As Marx explained, "The executive of the modern state is but a committee for managing the common affairs of the whole bourgeoisie" and when their media talks about the national interest, it means the national interests of the 1% the ruling class or what Marx refers to as the “Bourgeoisie”  

The US government has subsidized the energy industry to the tune of billions of dollars, not simply because we need fuel, but because the fossil fuel industry is so incredibly profitable. Business Week:
“Washington has showered the oil and gas industries with far more tax breaks and other subsidies than any other energy source. Oil and gas received roughly two-thirds of all such subsidies from 1918 to 2009, averaging $4.86 billion a year (in 2010 dollars), according to an analysis by DBL Investors, a venture capital firm in San Francisco. These numbers exclude the cost of deployment of U.S. aircraft carriers in the Persian Gulf to ensure that the industry’s product can reach the U.S. market. This subsidy alone had a $235 billion a year price tag from 1976 to 2007, according to Roger Stern, an economic geographer at Princeton University.”

The dollars spent bribing legislators alone would most likely provide free education for all. Big Oil, with Exxon and the Koch brother in the lead says BW, contributed $365 million to congressional and presidential politics from 1990 to the present and spent $140 million a year bribing politicians since 2008.

It should come as no surprise then that the recent report commissioned by the US State Department that determined the XL Pipeline would have a “negligible impact” on climate change was prepared by the consulting firm Environmental Resources Management that was recommended for the job by TransCanada, the company that is expected to build the pipeline. We should recall that the US regulators responsible for deep water drilling allowed the energy industry to write its own regulations. It’s standard practice for these folks as is the response to concerns about conflict of interest; a State Department review of the matter said that ERM’s business ties to TransCanada had no impact on the consulting firm’s findings.

This does not mean there is no force pulling in the other direction. Some 77,000 people have signed the Keystone Pledge of Resistance promising to occupy building sites and block construction equipment in order to halt production.  Just last week there were Protests in numerous US cities including outside the White House and many were arrested;  no Keystone XL! is the message. Over 100 actions are planned at strategic targets across the United States with a network of tens of thousands ready to take bold dignified acts of civil disobedience. BusinessWeek also points out that a recent Nebraska court ruling struck down a previous law that gave the state’s governor the right authority to “single-handedly” approve a route through the state.

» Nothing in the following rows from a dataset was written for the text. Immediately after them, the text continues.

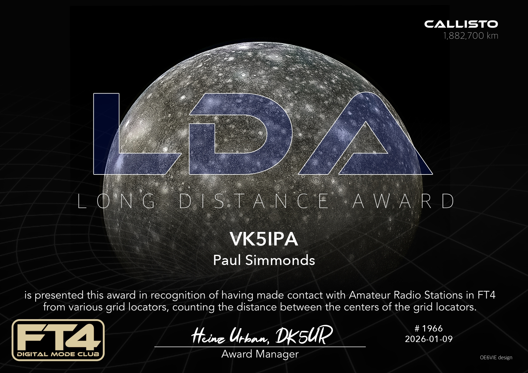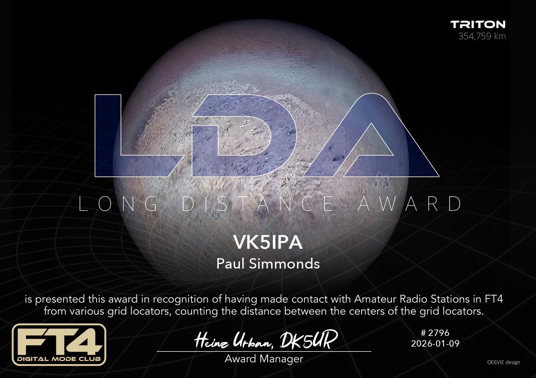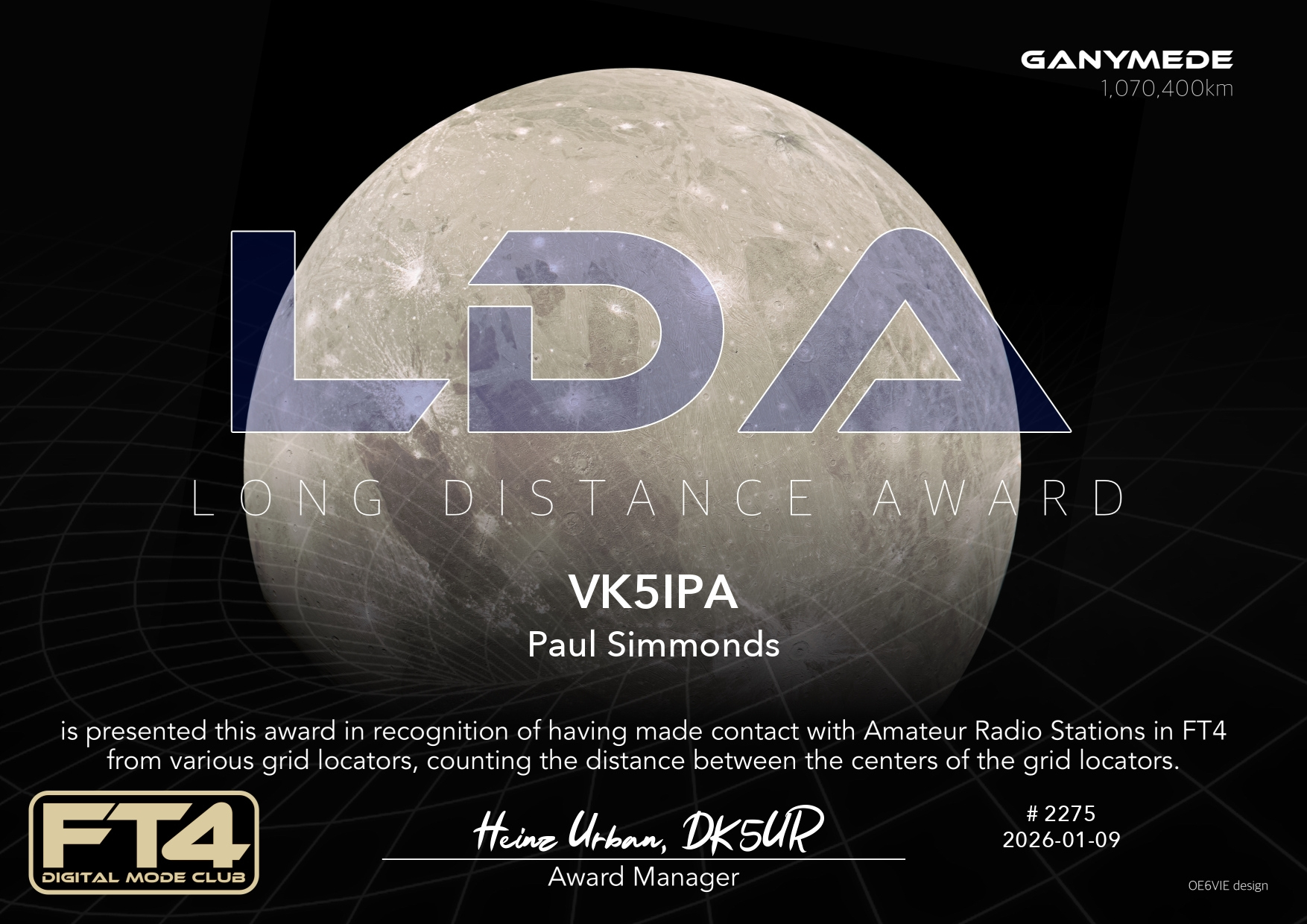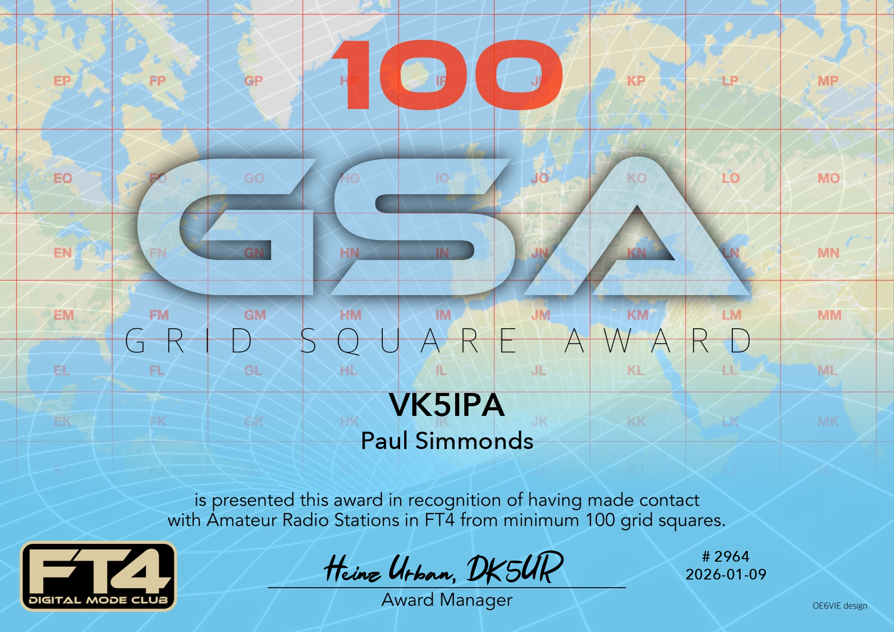 Here is a selection of FT4 award certificates received for VK5IPA, my callsign for the International Police Association.
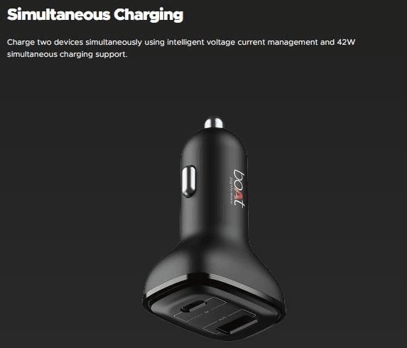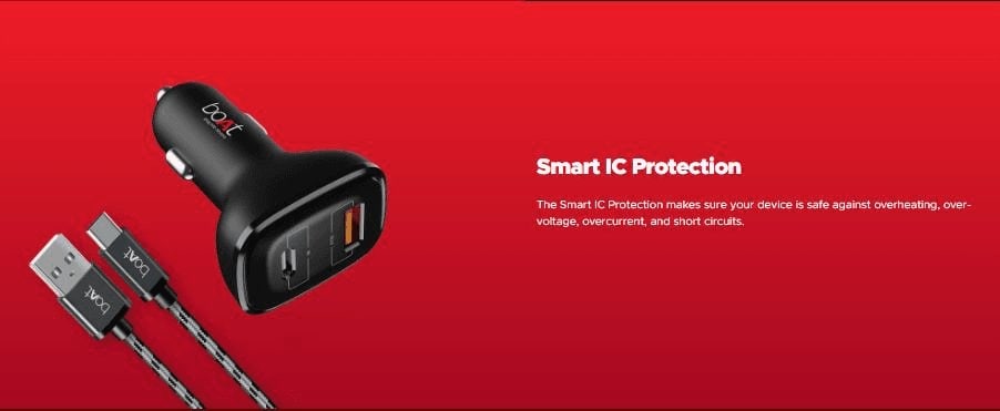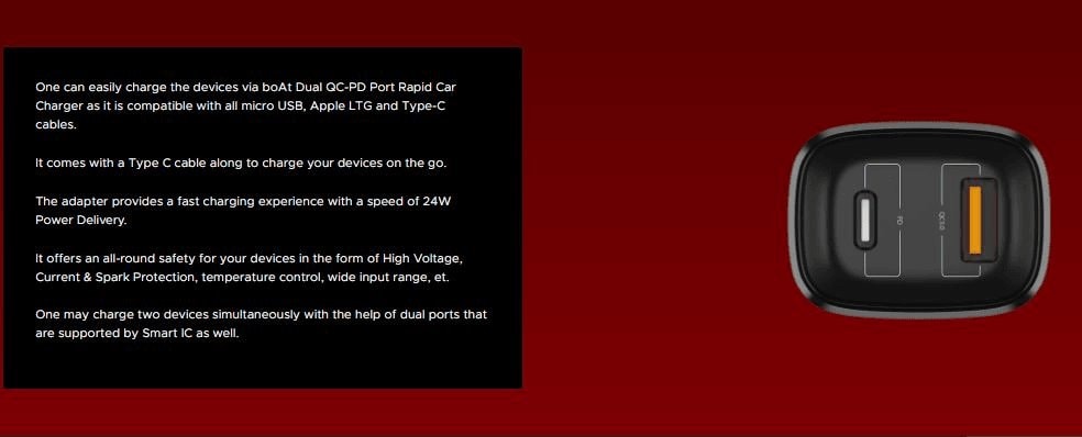boAt Dual QC PD Without Cable Car Charger, 18 W, 5.4 A Rapid Charge, Smart IC Protection, Qualcom Quick Charge, 3.0 Certified, Compatible with Micro USB and Type-C Cable, Black
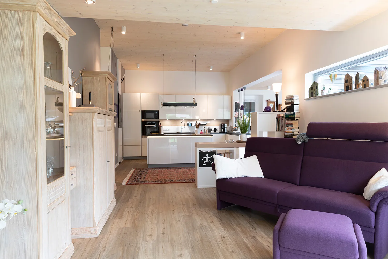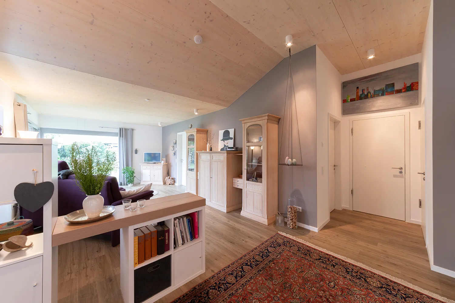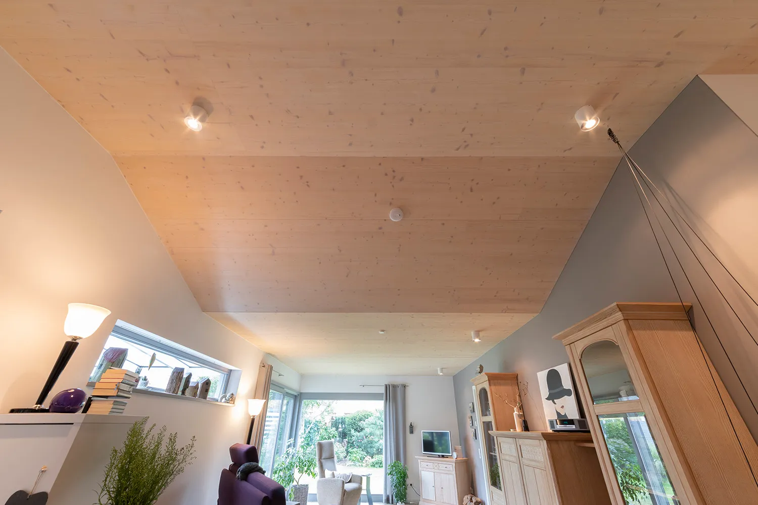 Massivholzdecke mit Versprung schafft offenes Raumgefühl
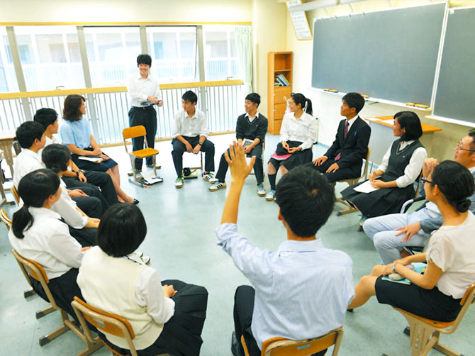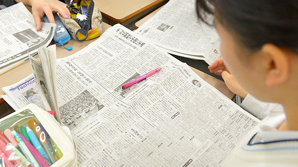 最初の10分間で、生徒が各家庭から持参する新聞(朝日・読売・毎日・産経・日経など)の記事から、各自、関心があるテーマをピックアップし、要約します。その後、グループに分かれて意見発表と意見交換を行います。時にはクラス全体、学年全体の前で「なぜそのテーマを選んだのか」、「どんな内容なのか」、「自分の意見は何なのか」、時間配分を考えながら論理的に述べることが求められます。
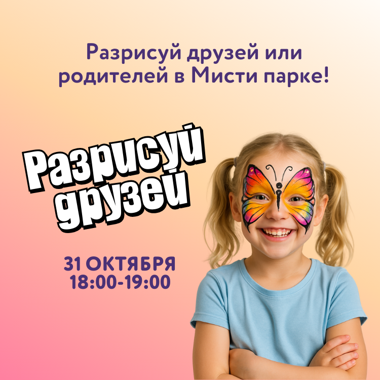 31 октября в 18:00 в Мисти Парке осваиваем мастерство аквагрима под руководством наших опытных художников! Разрисуем вместе друзей и родителей? Жду-у-у тебя в Мисти Парк!
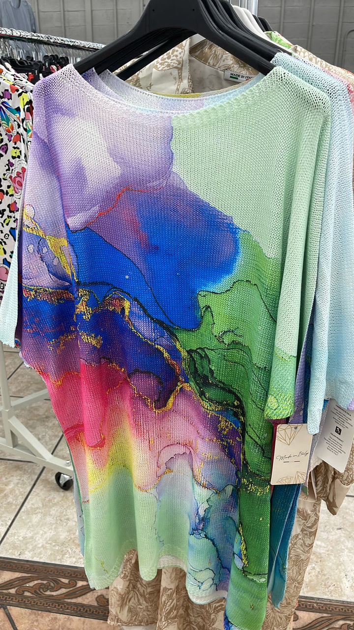 This shirt is made from a vibrant, marble-patterned fabric for a beautiful and unique look. It's soft and comfortable construction ensures ease of wear and user satisfaction.
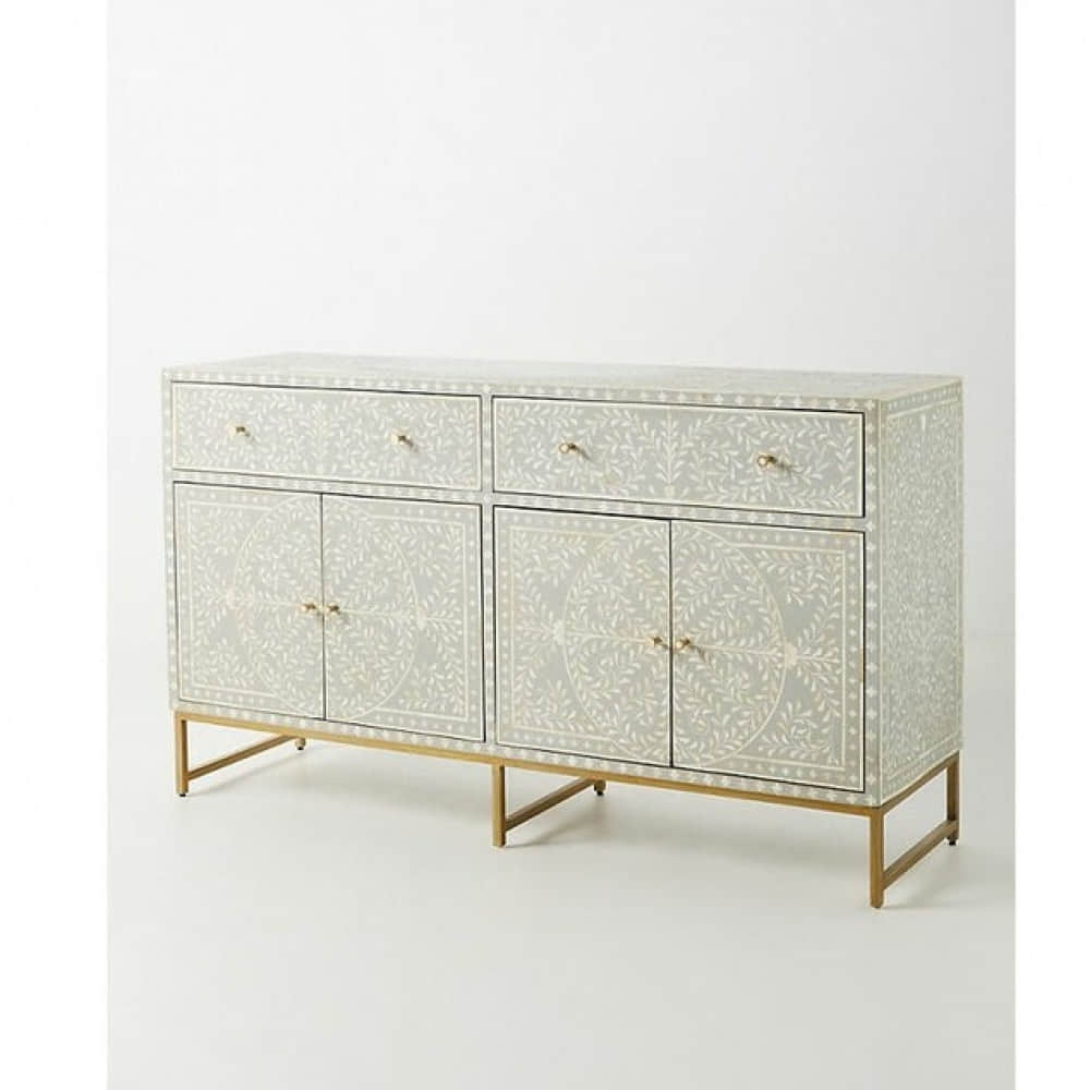 Bone Inlay Scroll Vine Design Entryway Cabinet
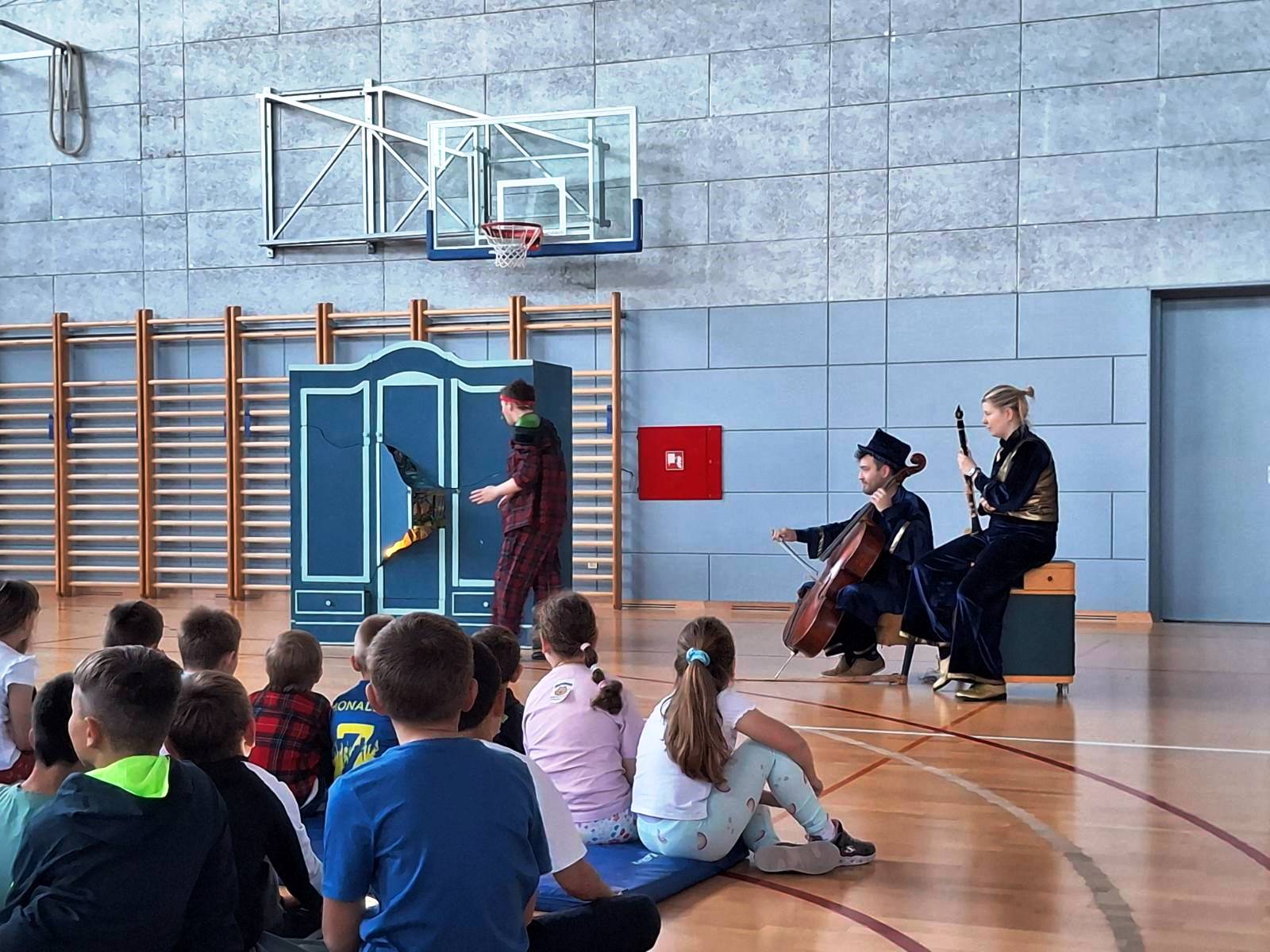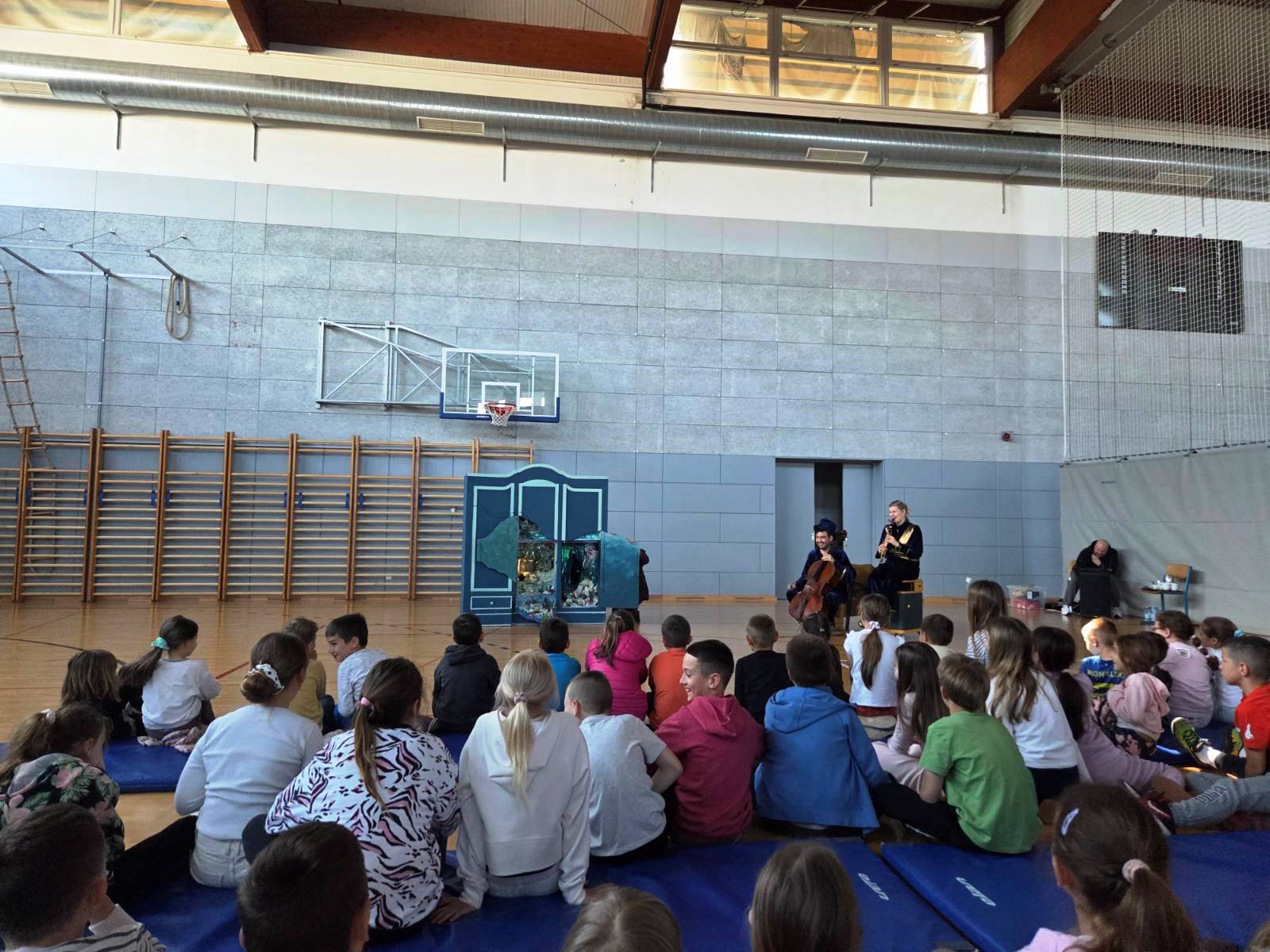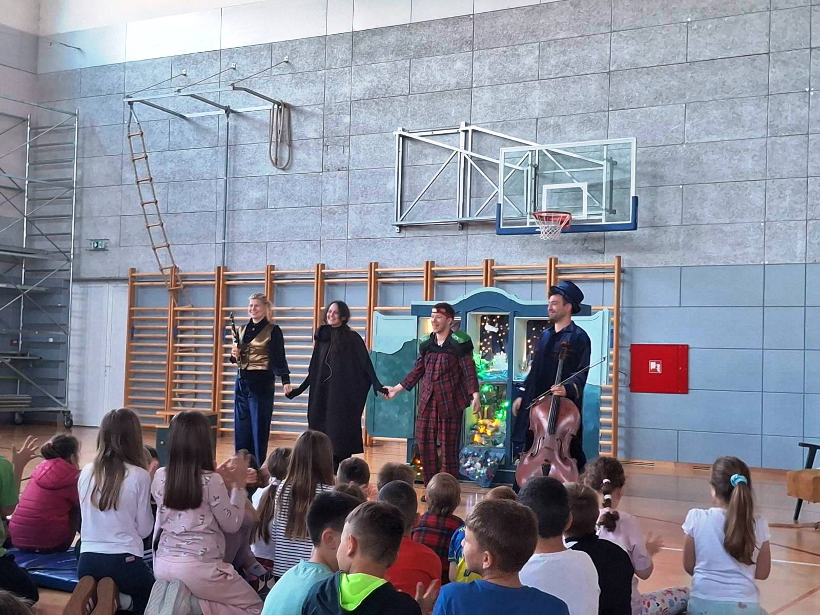 Učenici razredne nastave pogledali su predstavu „Zvijezda i mrak“ koja na blagi način obrađuje temu straha od mraka. Svojim sadržajem dotiče se i različitih neugodnih osjećaja, snova, tišine i dosade. Doživljaju doprinosi glazbena pratnja na klarinetu i violončelu.
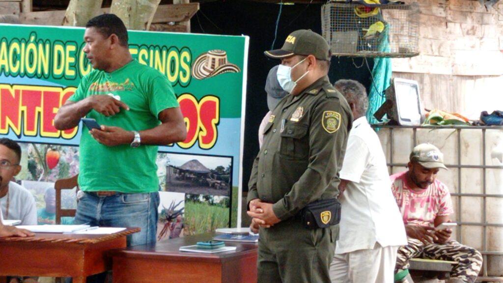 Por orden del alto mando de la Policía Metropolitana de Cartagena se adelantó una mesa de trabajo en la misma zona donde se asienta los campesinos pertenecientes a la Asociación Montes de Dios, en la finca de Cachenche, ubicada en Turbana, Bolívar.

The opposition to XL is significant and the indigenous communities are playing a significant role in
the opposition’s forces.  This is no small mater and is undoubtedly a factor in influencing the 1%’s stand on this.  Their argument is that the product will end up on the world market one way or another whether through rail, shipping or a pipeline.

As we have said many times, the issue of the environment is probably the most serious threat facing humanity.  If the ravages of market forces are not halted, there will be huge swathes of the planet rendered uninhabitable by the capitalist mode of production and at some stage we will reach a point of no return. It is no exaggeration to say that capitalism will destroy life as we know if not discarded and replaced by a rational, planned system of production between a global Federation of Democratic Socialist states.  The production of energy, a critical human need, cannot be left to profit and the forces of the market if we are to survive as a species.